946 F.2d 1567
292 U.S.App.D.C. 87
NOTICE: D.C. Circuit Local Rule 11(c) states that unpublished orders, judgments, and explanatory memoranda may not be cited as precedents, but counsel may refer to unpublished dispositions when the binding or preclusive effect of the disposition, rather than its quality as precedent, is relevant.
UNITED STATES of America
v.
James BLACK, Appellant.
No. 90-3188.
United States Court of Appeals, District of Columbia Circuit.
Sept. 18, 1991.
Appeal from the United States District Court for the District of Columbia, Cr. No. 89-00452-01; Flannery, J.

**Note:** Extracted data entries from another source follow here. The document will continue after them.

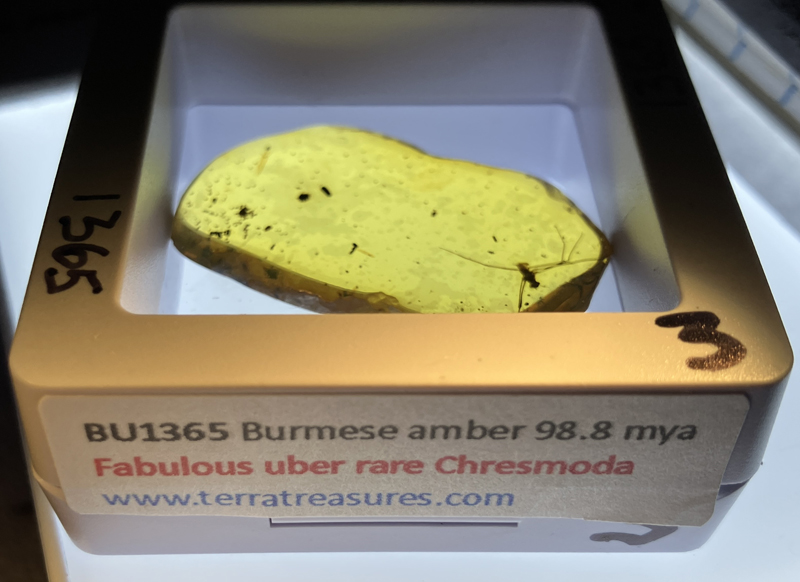 We have donated many hundreds of amber specimens to museums in the United States and have several dozen new species of insects in amber named after us. We have examined several thousand specimens of rough Burmese amber and have prepped many new Burmese fossil amber specimens. We have traveled to Europe with colleagues to examine unusual spectacular Dominican Amber specimens in private collections and we consider the amber curators of the museums in Santo Domingo, Puerto Plata and New York City our friends. Exploring for and collecting amber along with the examination and research of amber is our passion.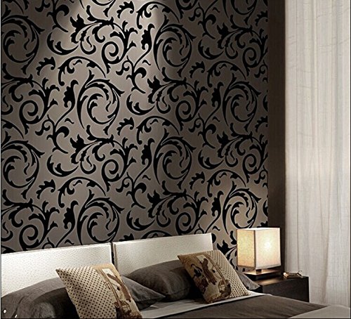 -. Title : QIHANG Black Victorian Damask/simulation Striae Wallpaper Roll 0.53m(1.73' W) x 10m(32.8' L)=5.3㎡ (57 sq.ft)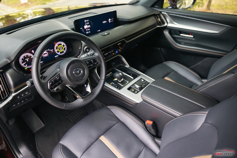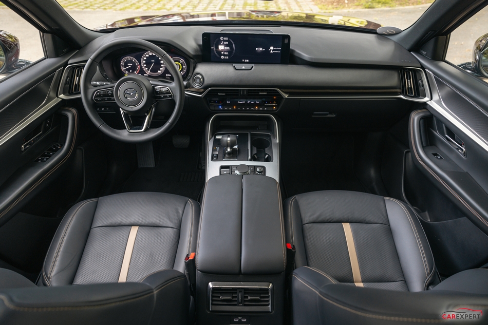 Mazda在內裝佈局上向來有其獨到心法,該有的12.3吋數位駕駛儀表、12.3吋中控螢幕、電子線傳排檔桿等全部到位,並透過大量物理式按鍵的保留,與悉心調教過的按鍵阻尼,讓每次的使用都能感受到滿滿的回饋感,展現最古典的人機界面,再加上車內材質用料也非常用心,從門板、中央鞍座扶等都是真皮包覆,觸感一流。

Before BUCKLEY, SENTELLE and HENDERSON, Circuit Judges.
JUDGMENT
PER CURIAM.
This appeal was considered on the record from the United States District Court for the District of Columbia and on the briefs filed by the parties. The court has determined that the issues presented occasion no need for a published opinion. See D.C.Cir.Rule 14(c). It is
ORDERED AND ADJUDGED that appellant's conviction be affirmed for the reasons stated in the accompanying memorandum.

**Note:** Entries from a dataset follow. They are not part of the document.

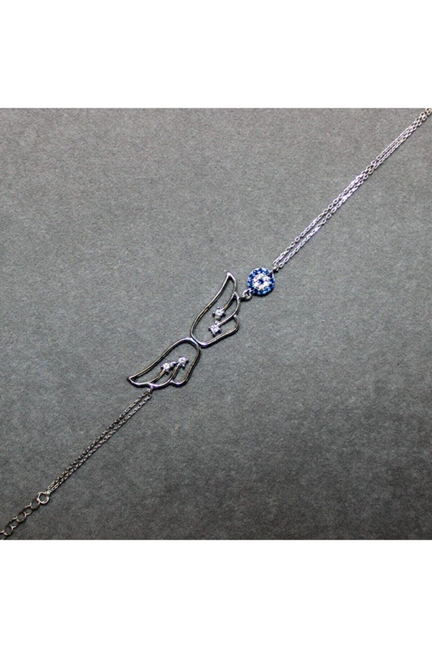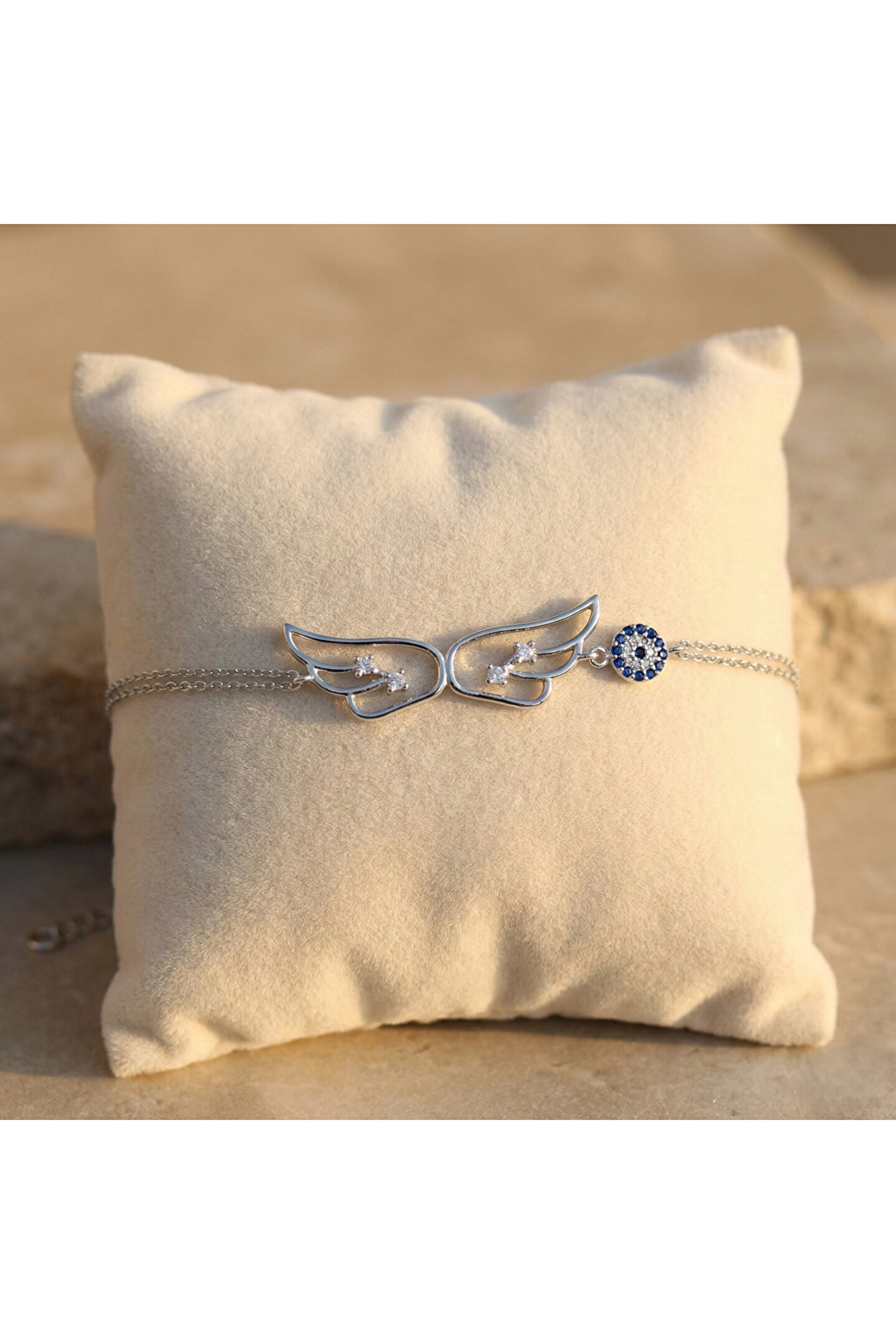 Zarif tasarımıyla dikkat çeken beyaz taşlı melek kanadı bileklik, gümüş rengi ve zirkon taş detaylarıyla göz alıcı bir görünüm sunar; Zirkon taş kullanımı sayesinde, bileklik hem şıklığı hem de parıltıyı bir arada barındırır ve her türlü özel gününüzde ışıltınızı ön plana çıkarır; Melek kanadı motifinin zarif çizgileri, bileklikte modern ve estetik bir dokunuş sağlar, günlük kullanım için idealdir; Gümüş rengi ile klasik ve zamansız bir tarz yaratırken, her türlü kıyafetle kolayca uyum sağlar.; Melek kanadı uzunluğu 11.35 mm, genişliği 38.10 mm, nazarın çapı 6.80 mm.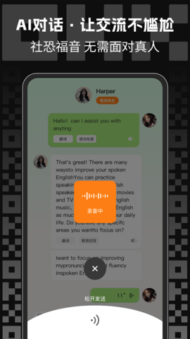 2、即时词典功能在对话界面轻触生词即可获取标准发音示范、英汉双解释义及语境化例句展示。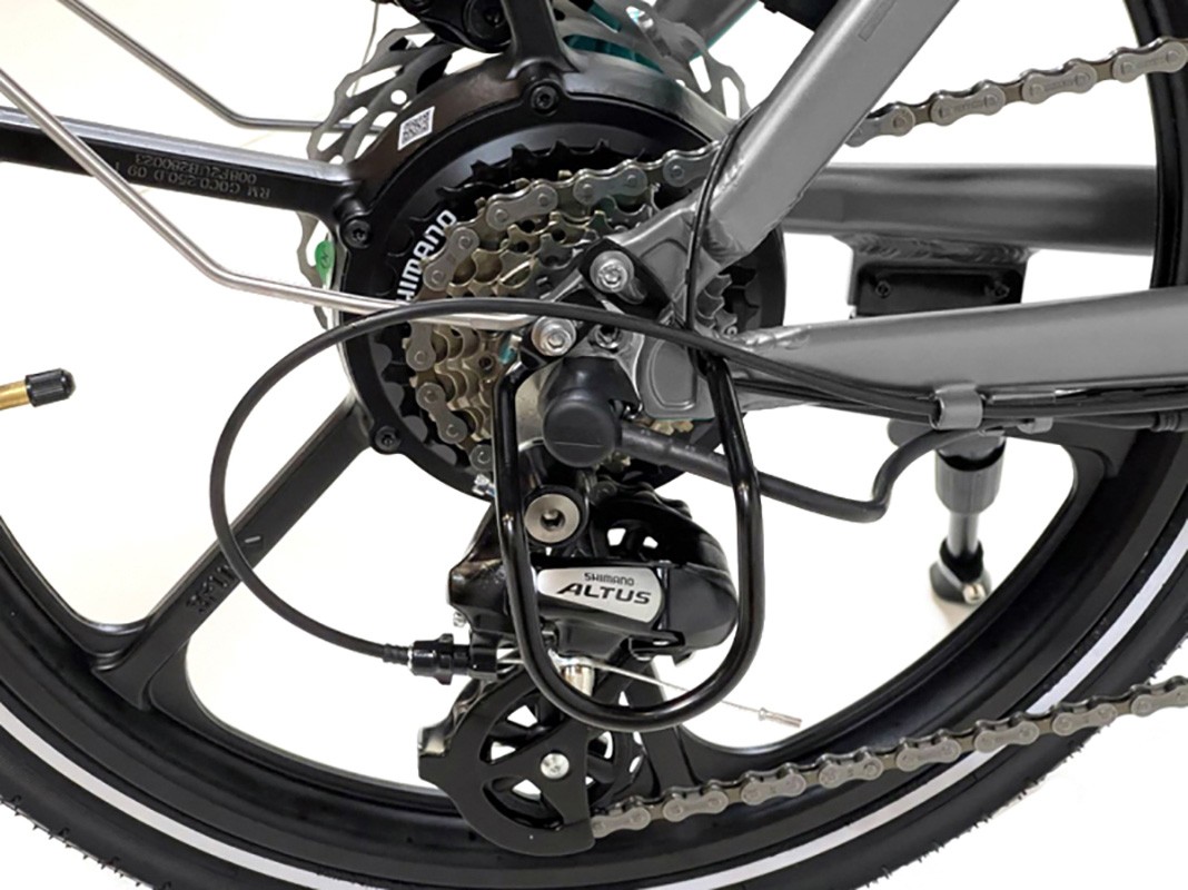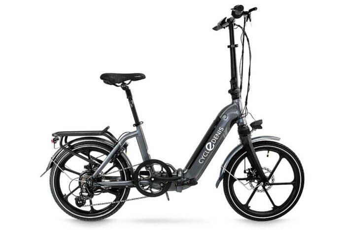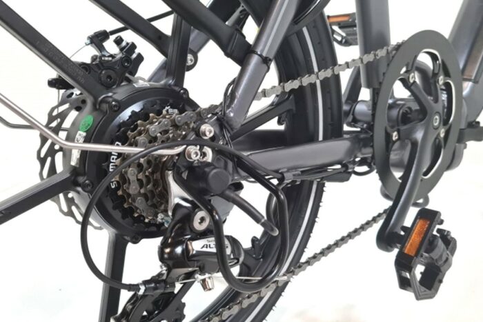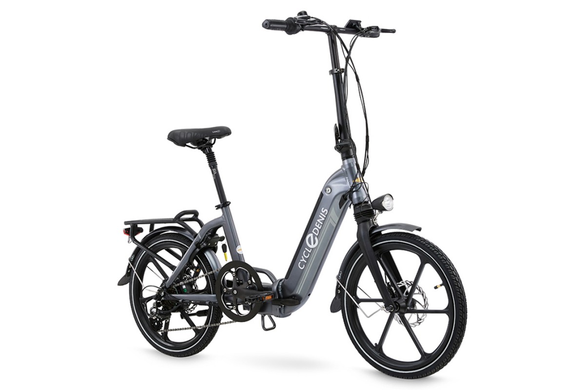 Elektrische vouwfiets met achterwielmotor, geïntegreerde accu, schijfremmen, 14 Ah accu. Aluminium, grijs. Fijne luxe vouwfiets met volwassen uitstraling.

The Clerk is directed to withhold issuance of the mandate herein until seven days after disposition of any timely petition for rehearing. See D.C.Cir.Rule 15.
MEMORANDUM
On February 15, 1990, James Black was convicted of possession with intent to distribute 5 grams or more of cocaine base. Black testified that he found the drugs outside the halfway house at which he resided and that he intended to turn them in to his counselor. In his closing argument, defense counsel stated: "Mr. Black is a poor boy. Where would he have gotten 400 dollars to buy those drugs unless he found them [as] he said[?]" In rebuttal, the prosecutor remarked:
There are other people living in this halfway house. Did you ever have a party, a group party, office party? ... Somebody gives up ten dollars, five dollars, three dollars, or whatever, and one person, or two people as the case may be go out to some undisclosed location with all this money that is given them by somebody else and they make a bulk purchase, and they bring it back, and they share it with everybody else in the office.

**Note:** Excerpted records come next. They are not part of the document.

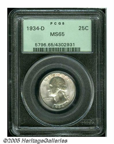 <B>1934-D<25C> Heavy Motto MS65 PCGS.</B></I> Well struck and fully lustrous, with faint rose and a few specks of charcoal toning near the border areas. The carefully preserved surfaces only reveal a few small milling marks on each side.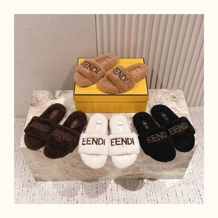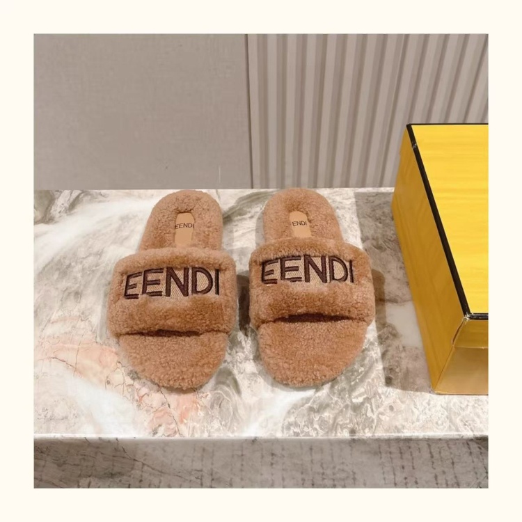 Fendi new design letter embroidered fur slippers-5689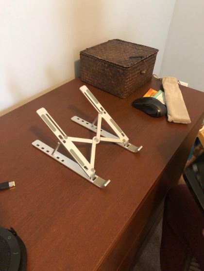 I originally bought this for my husband to setup his new office during quarantine. However, when it arrived, I decided to test it out and, let’s just say, he had to wait an extra two days before he could get his own stand delivered I’ve been using this laptop stand for a couple weeks and I love it. I don’t have to hunch over my laptop as much or look down at the screen, which I know is helping my (already uncomfortable) back. I also love that it adjusts to different heights and, when I’m not using it, it can easily collapse! My husband loves his as well and is an excellent addition to our new workspaces. 10/10 recommend!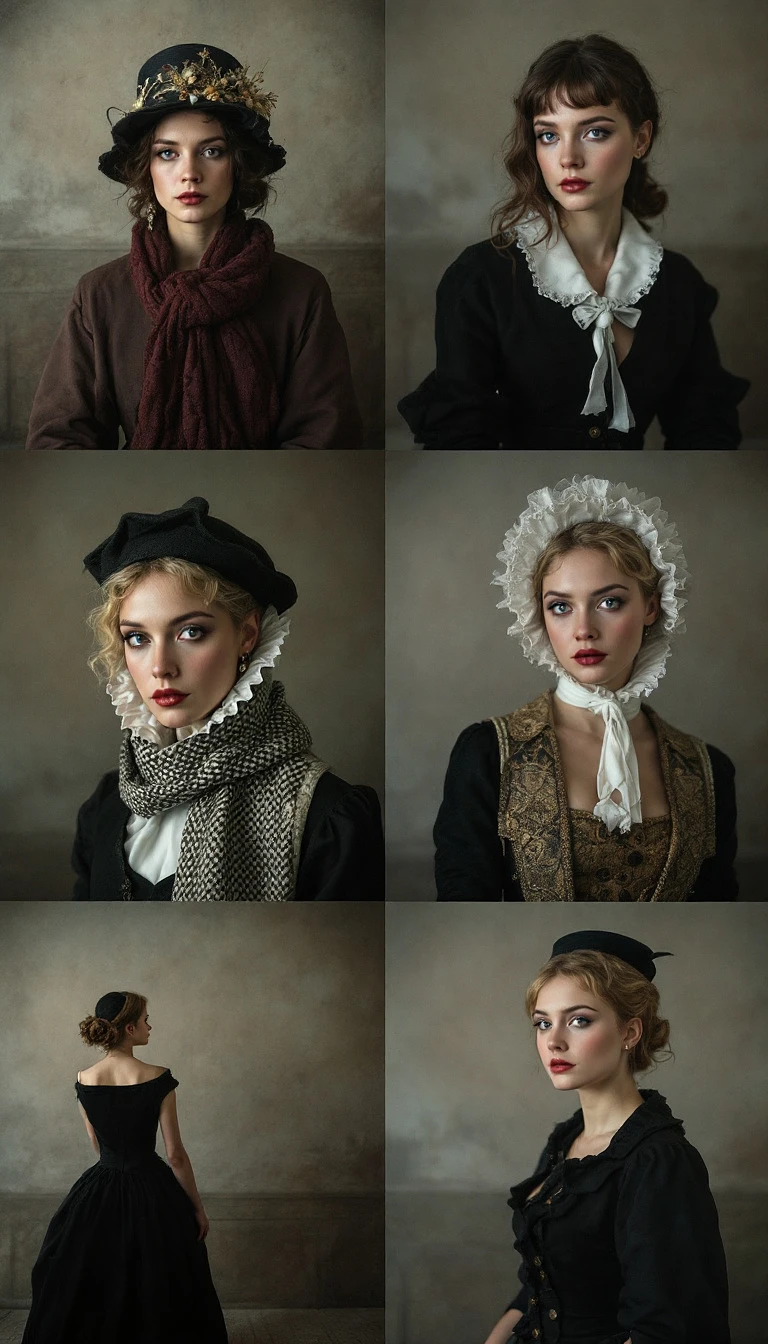 (17) A conceptual photography series, inspired by the staged portraits of Cindy Sherman, features a female historian, each photograph capturing her in a different historical role, her attire and pose embodying the spirit and context of that time period, creating a powerful exploration of identity and time. Conceptual art, performance, historical, photo realism.

Although defense counsel did not object to the prosecutor's remarks, the district court directed the prosecutor to "argue the evidence."
Black asserts that the office-party analogy was not supported by the record. The United States argues that the analogy was based on inferences reasonably drawn from the evidence. We do not decide whether the analogy was unsupported by the evidence, however, because the prosecutor's remarks, even if improper, do not warrant reversal.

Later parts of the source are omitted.